Stored entries

<<<<

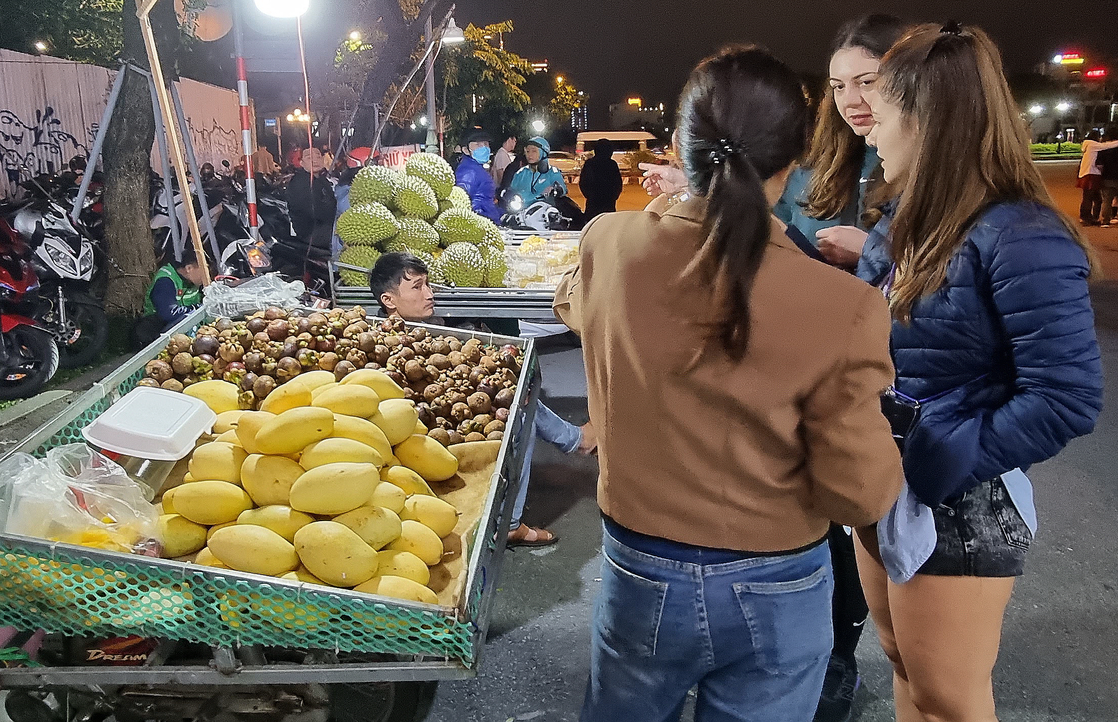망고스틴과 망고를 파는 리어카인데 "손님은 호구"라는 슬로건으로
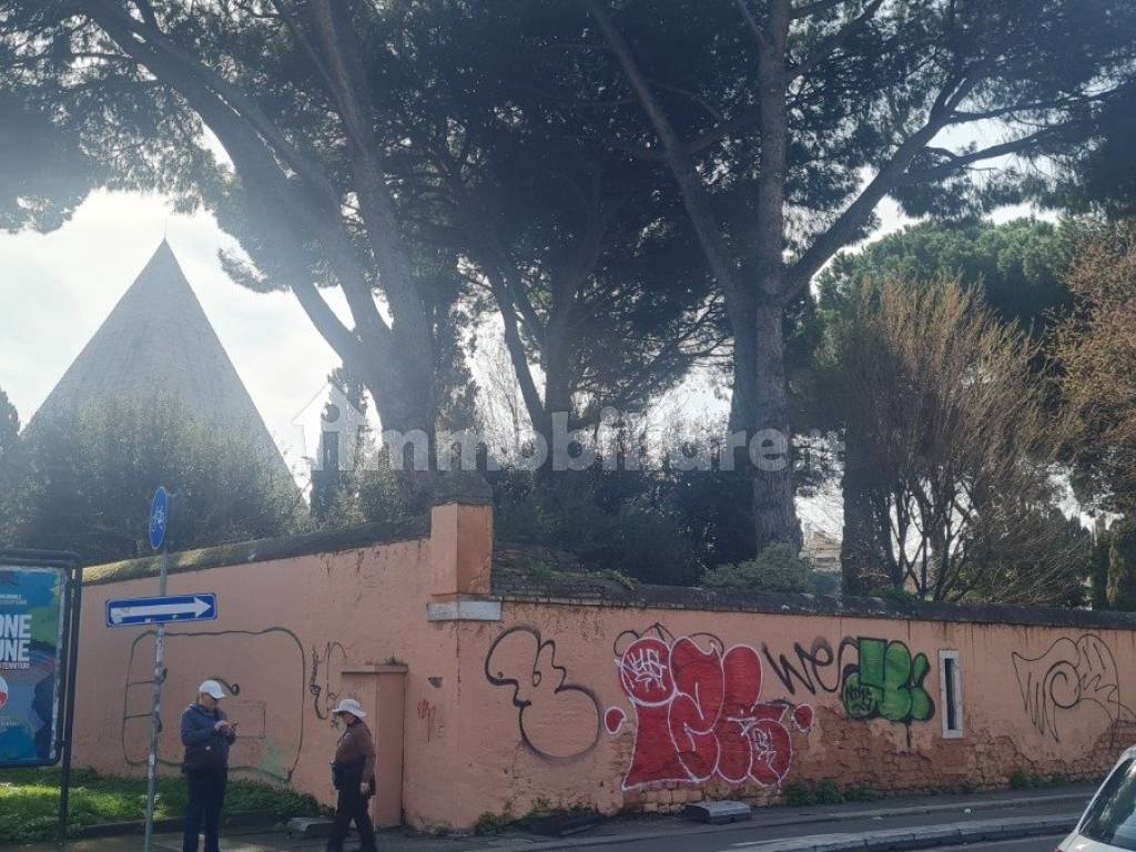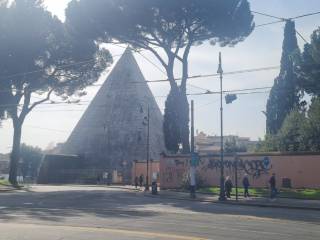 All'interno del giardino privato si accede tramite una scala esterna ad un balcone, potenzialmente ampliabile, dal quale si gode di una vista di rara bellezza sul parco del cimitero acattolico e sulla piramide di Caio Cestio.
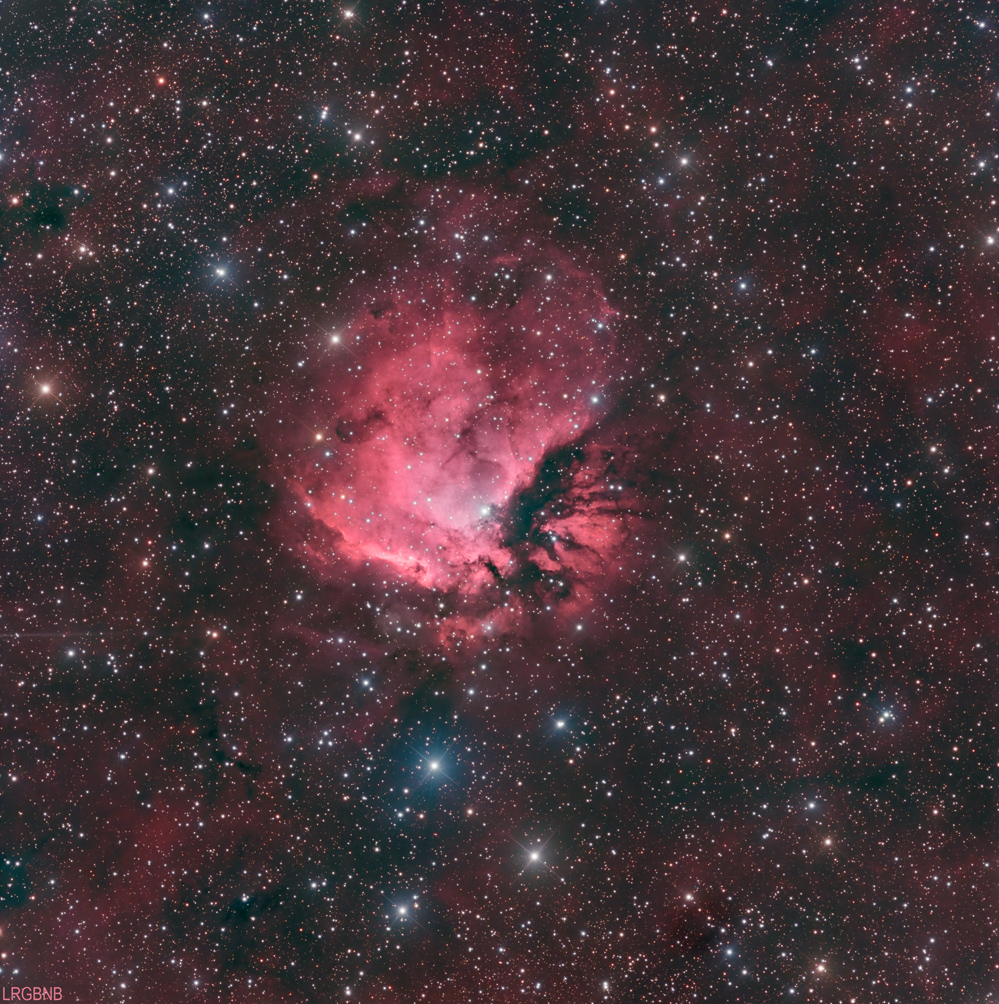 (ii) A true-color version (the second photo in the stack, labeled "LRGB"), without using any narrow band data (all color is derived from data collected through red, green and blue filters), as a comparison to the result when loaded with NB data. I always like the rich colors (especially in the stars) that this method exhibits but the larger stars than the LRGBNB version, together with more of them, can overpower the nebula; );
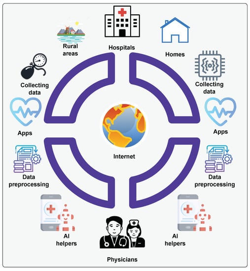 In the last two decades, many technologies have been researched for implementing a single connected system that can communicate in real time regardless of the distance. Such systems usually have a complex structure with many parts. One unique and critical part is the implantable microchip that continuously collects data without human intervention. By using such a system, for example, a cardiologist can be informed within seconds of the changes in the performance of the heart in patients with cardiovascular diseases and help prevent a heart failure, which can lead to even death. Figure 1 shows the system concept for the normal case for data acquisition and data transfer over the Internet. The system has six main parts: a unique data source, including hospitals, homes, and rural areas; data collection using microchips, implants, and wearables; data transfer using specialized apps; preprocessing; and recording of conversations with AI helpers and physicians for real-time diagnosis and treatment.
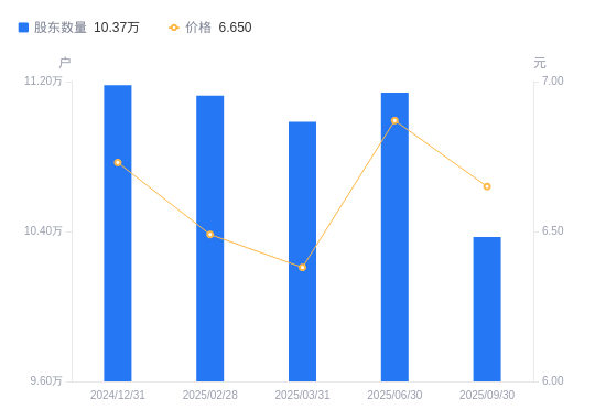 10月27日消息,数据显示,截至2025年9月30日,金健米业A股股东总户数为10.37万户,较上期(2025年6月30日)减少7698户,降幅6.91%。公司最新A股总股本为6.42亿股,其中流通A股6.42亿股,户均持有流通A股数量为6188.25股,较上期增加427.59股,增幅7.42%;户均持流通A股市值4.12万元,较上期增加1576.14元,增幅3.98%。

>>>>

Problem: A verbatim copy of every entry above, with no pictures, is the expected output.

Solution to this task:
망고스틴과 망고를 파는 리어카인데 "손님은 호구"라는 슬로건으로
 All'interno del giardino privato si accede tramite una scala esterna ad un balcone, potenzialmente ampliabile, dal quale si gode di una vista di rara bellezza sul parco del cimitero acattolico e sulla piramide di Caio Cestio.
 (ii) A true-color version (the second photo in the stack, labeled "LRGB"), without using any narrow band data (all color is derived from data collected through red, green and blue filters), as a comparison to the result when loaded with NB data. I always like the rich colors (especially in the stars) that this method exhibits but the larger stars than the LRGBNB version, together with more of them, can overpower the nebula; );
 In the last two decades, many technologies have been researched for implementing a single connected system that can communicate in real time regardless of the distance. Such systems usually have a complex structure with many parts. One unique and critical part is the implantable microchip that continuously collects data without human intervention. By using such a system, for example, a cardiologist can be informed within seconds of the changes in the performance of the heart in patients with cardiovascular diseases and help prevent a heart failure, which can lead to even death. Figure 1 shows the system concept for the normal case for data acquisition and data transfer over the Internet. The system has six main parts: a unique data source, including hospitals, homes, and rural areas; data collection using microchips, implants, and wearables; data transfer using specialized apps; preprocessing; and recording of conversations with AI helpers and physicians for real-time diagnosis and treatment.
 10月27日消息,数据显示,截至2025年9月30日,金健米业A股股东总户数为10.37万户,较上期(2025年6月30日)减少7698户,降幅6.91%。公司最新A股总股本为6.42亿股,其中流通A股6.42亿股,户均持有流通A股数量为6188.25股,较上期增加427.59股,增幅7.42%;户均持流通A股市值4.12万元,较上期增加1576.14元,增幅3.98%。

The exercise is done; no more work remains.